There were 85,678 ED encounters during the study period, including 4% (n=3420) with patients with COVID-19. NLP was more accurate at identifying encounters with patients that had any of the COVID-19 symptoms (F-score=0.796) than ICD-10 codes (F-score =0.451). NLP accuracy was higher for positive symptoms (sensitivity=0.930) than ICD-10 (sensitivity=0.300). However, ICD-10 accuracy was higher for negative symptoms (specificity=0.994) than NLP (specificity=0.917). Congestion or runny nose showed the highest accuracy difference (NLP: F-score=0.828 and ICD-10: F-score=0.042). For encounters with patients with COVID-19, prevalence estimates of each NLP symptom differed across variant eras. Patients with COVID-19 were more likely to have each NLP symptom detected than patients without this disease. Effect sizes (odds ratios) varied across pandemic eras.

CONCLUSIONS

This study establishes the value of AI-based NLP as a highly effective tool for real-time COVID-19 symptom detection in pediatric patients, outperforming traditional ICD-10 methods. It also reveals the evolving nature of symptom prevalence across different virus variants, underscoring the need for dynamic, technology-driven approaches in infectious disease surveillance.

摘要

背景

实时监测新发传染病需要一个不断发展的、可计算的病例定义，该定义通常包含与症状相关的标准。
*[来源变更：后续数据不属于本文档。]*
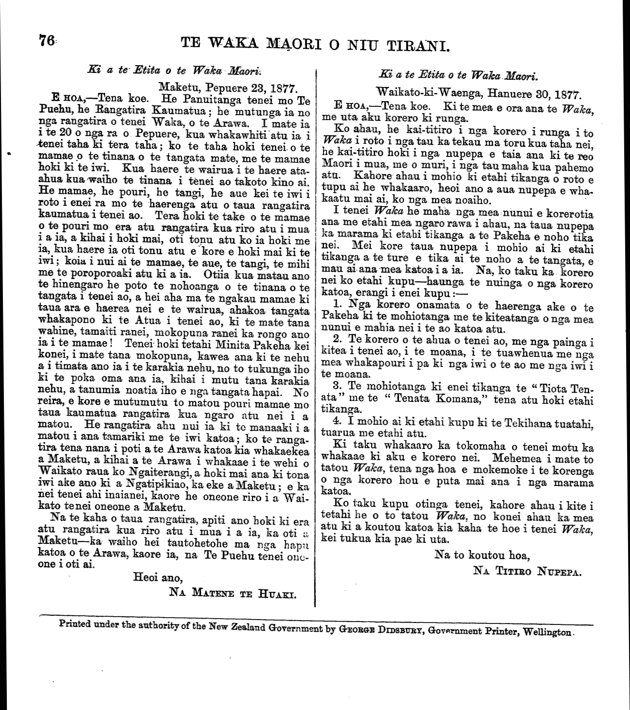 76 TE WAKA MAORI O NIU TIRANI. Ki a te Etita o te Waka Maori. Maketu, Pepuere 23, 1877. E HOA,—Tena koe. He Panuitanga tenei mo Te Puehu, he Rangatira Kaumatua; he mutunga ia no nga rangatira o tenei Waka, o te Arawa. I mate ia i te 20 o nga ra o Pepuere, kua whakawhiti atu ia i tenei taha ki tera taha; ko te taha hoki tenei o te mamae o te tinana o te tangata mate, me te mamae hoki ki te iwi. Kua haere te wairua i te haere ata- ahua kua waiho te tinana i tenei ao takoto kino ai. He mamae, he pouri, he tangi, he aue kei te iwi i roto i enei ra mo te haerenga atu o taua rangatira kaumatua i tenei ao. Tera hoki te take o te mamae o te pouri mo era atu rangatira kua riro atu i mua i a ia, a kihai i hoki mai, oti tonu atu ko ia hoki me ia, kua haere ia oti tonu atu e kore e hoki mai ki te iwi; koia i nui ai te mamae, te aue, te tangi, te mihi me te poroporoaki atu ki a ia. Otiia kua matau ano te hinengaro he poto te nohoanga o te tinana o te tangata i tenei ao, a hei aha ma te ngakau mamae ki taua ara e haerea nei e te wairua, ahakoa tangata whakapono ki te Atua i tenei ao, ki te mate tana wahine, tamaiti ranei, mokopuna ranei ka rongo ano ia i te mamae! Tenei hoki tetahi Minita Pakeha kei konei, i mate tana mokopuna, kawea ana ki te nehu a i timata ano ia i te karakia nehu, no to tukunga iho ki te poka oma ana ia, kihai i mutu tana karakia nehu, a tanumia noatia iho e nga tangata hapai. No reira, e kore e mutumutu to matou pouri mamae mo taua kaumatua rangatira kua ngaro atu nei i a matou. He rangatira aha nui ia ki to manaaki i a matou i ana tamariki me te iwi katoa; ko te ranga- tira tena nana i poti a te Arawa katoa kia whakaekea a Maketu, a kihai a te Arawa i whakaae i te wehi o Waikato raua ko Ngaiterangi, a hoki mai ana ki tona iwi ake ano ki a Ngatipikiao, ka eke a Maketu; e ka nei tenei ahi inaianei, kaore he oneone riro i a Wai- kato tenei oneone a Maketu. Na te kaha o taua rangatira, apiti ano hoki ki era atu rangatira kua riro atu i mua i a ia, ka oti a Maketu—ka waiho hei tautohetohe ma nga hapu katoa o te Arawa, kaore ia, na Te Puehu tenei one- one i oti ai. Heoi ano, NA MATENE TE HUAKI. Ki a te Etita o te Waka Maori. Waikato-ki-Waenga, Hanuere 30, 1877. E HOA,—Tena koe. Ki te mea e ora ana te Waka, me uta aku korero ki runga. Ko ahau, he kai-titiro i nga korero i runga i to Waka i roto i nga tau ka tekau ma toru kua taha nei, he kai-titiro hoki i nga nupepa e taia ana ki te reo Maori i mua, me o muri, i nga tau maha kua pahemo atu. Kahore ahau i mohio ki etahi tikanga o roto e tupu ai he whakaaro, heoi ano a aua nupepa e wha- kaatu mai ai, ko nga mea noaiho. I tenei Waka he maha nga mea nunui e korerotia ana me etahi mea ngaro rawa i ahau, na taua nupepa ka marama ki etahi tikanga a te Pakeha e noho tika nei. Mei kore taua nupepa i mohio ai ki etahi tikanga a te ture e tika ai te noho a te tangata, e mau ai ana mea katoa i a ia. Na, ko taku ka korero nei ko etahi kupu—haunga te nuinga o nga korero katoa, erangi i enei kupu:— 1. Nga korero onamata o te haerenga ake o te Pakeha ki te mohiotanga me te kiteatanga o nga mea nunui e mahia nei i te ao katoa atu. 2. Te korero o te ahua o tenei ao, me nga painga i kitea i tenei ao, i te moana, i te tuawhenua me nga mea whakapouri i pa ki nga iwi o te ao me nga iwi i te moana. 3. Te mohiotanga ki enei tikanga te " Tiota Ten- ata " me te " Tenata Komana," tena atu hoki etahi tikanga. 4. I mohio ai ki etahi kupu ki te Tekihana tuatahi, tuarua me etahi atu. Ki taku whakaaro ka tokomaha o tenei motu ka whakaae ki aku e korero nei. Mehemea i mate to tatou Waka, tena nga hoa e mokemoke i te korenga o nga korero hou e puta mai ana i nga marama katoa. Ko taka kupu otinga tenei, kahore ahau i kite i tetahi he o to tatou Waka, no konei ahau ka mea atu ki a koutou katoa kia kaha te hoe i tenei Waka, kei tukua kia pae ki uta. Na to koutou hoa, NA TITIRO NUPEPA. Printed under the authority of the New Zealand Government by GEORGE DIDSBURY, Government Printer, Wellington -

对于症状检测，人群健康监测平台和研究计划主要依赖于从电子健康记录中提取的结构化数据。

目的

本研究旨在验证和测试一种基于人工智能（AI）的自然语言处理（NLP）管道，用于从儿科患者的医生笔记中检测 COVID-19 症状。我们特别研究了在急诊科（ED）就诊的患者，他们可能是疫情中的哨点病例。

方法

本回顾性队列研究的受试者为年龄在 21 岁及以下的患者，他们于 2020 年 3 月 1 日至 2022 年 5 月 31 日期间在一家大型学术儿童医院的儿科 ED 就诊。对所有患者的 ED 记录进行 NLP 管道处理，该管道经过调整可根据疾病控制与预防中心（CDC）标准检测 11 种 COVID-19 症状的提及。作为金标准，3 名主题专家对 226 份 ED 记录进行了标记，并且具有很强的一致性（F 分数=0.986；阳性预测值[PPV]=0.972；敏感性=1.0）。F 分数、PPV 和敏感性用于比较 NLP 和国际疾病分类，第 10 版（ICD-10）编码与金标准图表审查的性能。作为一个形成性用例，测量了 SARS-CoV-2 变异时期症状模式的变化。

结果

在研究期间，有 85678 次 ED 就诊，其中 4%（n=3420）的患者患有 COVID-19。与 ICD-10 编码（F 分数=0.451）相比，NLP 更能准确识别出任何 COVID-19 症状的患者（F 分数=0.796）。NLP 对阳性症状（敏感性=0.930）的识别准确性高于 ICD-10（敏感性=0.300）。然而，ICD-10 对阴性症状的准确性（特异性=0.994）高于 NLP（特异性=0.917）。鼻塞或流鼻涕的准确率差异最大（NLP：F 分数=0.828，ICD-10：F 分数=0.042）。对于 COVID-19 患者的就诊，每个 NLP 症状的患病率估计值在不同的变异时期有所不同。患有 COVID-19 的患者比没有这种疾病的患者更有可能被检测到每个 NLP 症状。在大流行时期，效果大小（比值比）有所不同。